• _YOUR ASSIGNMENT_:
Go to the line with "Figure 12 The" in the entries below and write out every line from there through the line with "The junior high mixed", exactly and without pictures.

• _DATA_:
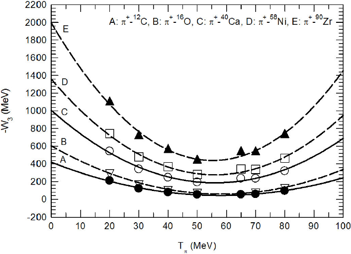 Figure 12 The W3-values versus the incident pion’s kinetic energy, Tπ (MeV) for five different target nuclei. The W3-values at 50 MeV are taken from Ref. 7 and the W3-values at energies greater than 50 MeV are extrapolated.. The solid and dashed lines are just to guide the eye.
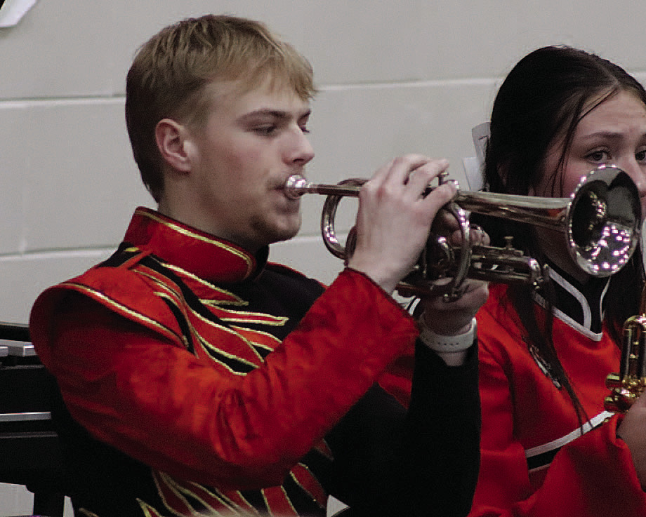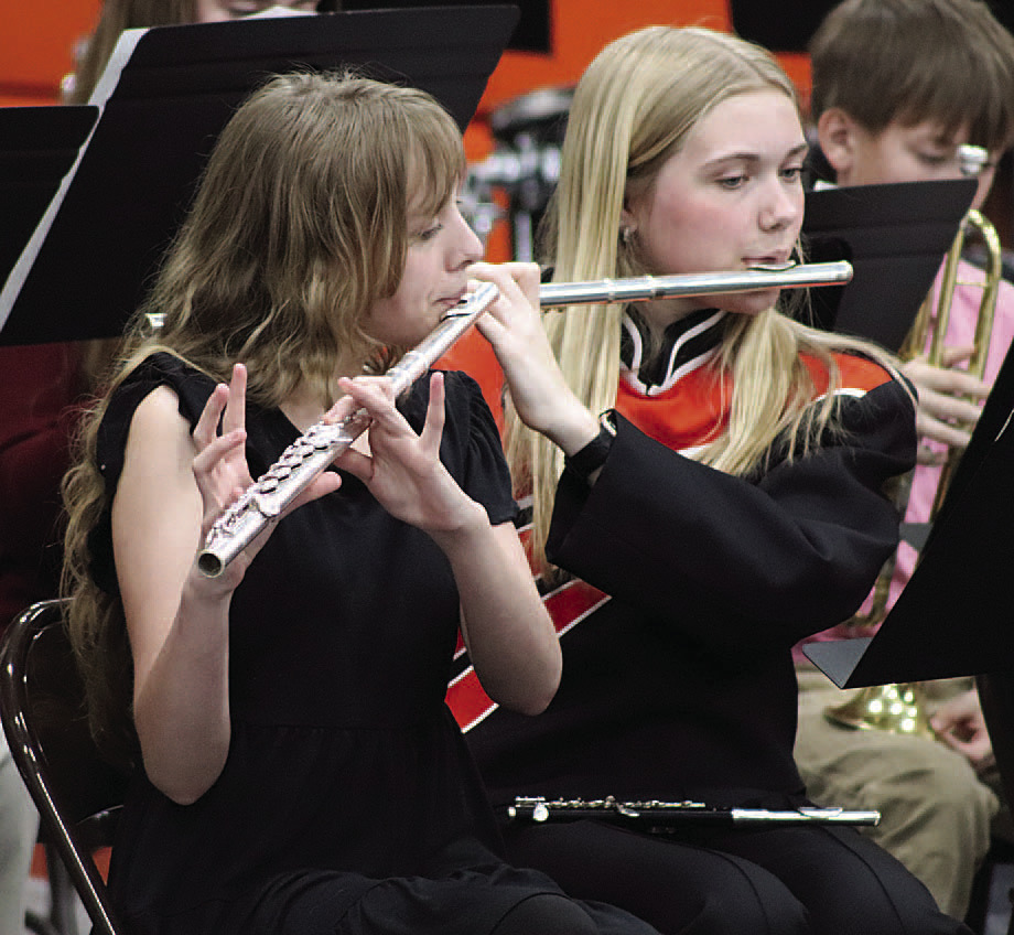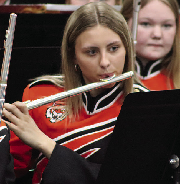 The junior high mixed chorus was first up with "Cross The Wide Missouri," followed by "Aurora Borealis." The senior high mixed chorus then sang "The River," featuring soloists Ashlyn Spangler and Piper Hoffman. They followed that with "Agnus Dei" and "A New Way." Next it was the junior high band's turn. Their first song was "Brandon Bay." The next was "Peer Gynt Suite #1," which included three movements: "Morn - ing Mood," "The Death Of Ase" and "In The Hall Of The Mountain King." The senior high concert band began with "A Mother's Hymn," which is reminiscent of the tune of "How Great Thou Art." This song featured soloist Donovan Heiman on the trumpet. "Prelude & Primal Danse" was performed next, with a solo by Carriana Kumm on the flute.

* * *

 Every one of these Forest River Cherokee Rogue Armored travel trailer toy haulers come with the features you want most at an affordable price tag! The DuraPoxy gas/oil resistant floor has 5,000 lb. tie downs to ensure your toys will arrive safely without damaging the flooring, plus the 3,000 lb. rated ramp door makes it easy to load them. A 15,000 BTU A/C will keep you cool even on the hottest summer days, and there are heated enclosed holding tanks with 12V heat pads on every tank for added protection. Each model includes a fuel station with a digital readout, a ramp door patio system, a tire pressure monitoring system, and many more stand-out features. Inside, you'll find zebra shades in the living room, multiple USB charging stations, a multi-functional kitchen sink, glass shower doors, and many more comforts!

--

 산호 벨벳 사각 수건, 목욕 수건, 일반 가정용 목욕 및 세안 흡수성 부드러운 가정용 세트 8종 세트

• _YOUR SOLUTION_:
 Figure 12 The W3-values versus the incident pion’s kinetic energy, Tπ (MeV) for five different target nuclei. The W3-values at 50 MeV are taken from Ref. 7 and the W3-values at energies greater than 50 MeV are extrapolated.. The solid and dashed lines are just to guide the eye.
 The junior high mixed chorus was first up with "Cross The Wide Missouri," followed by "Aurora Borealis." The senior high mixed chorus then sang "The River," featuring soloists Ashlyn Spangler and Piper Hoffman. They followed that with "Agnus Dei" and "A New Way." Next it was the junior high band's turn. Their first song was "Brandon Bay." The next was "Peer Gynt Suite #1," which included three movements: "Morn - ing Mood," "The Death Of Ase" and "In The Hall Of The Mountain King." The senior high concert band began with "A Mother's Hymn," which is reminiscent of the tune of "How Great Thou Art." This song featured soloist Donovan Heiman on the trumpet. "Prelude & Primal Danse" was performed next, with a solo by Carriana Kumm on the flute.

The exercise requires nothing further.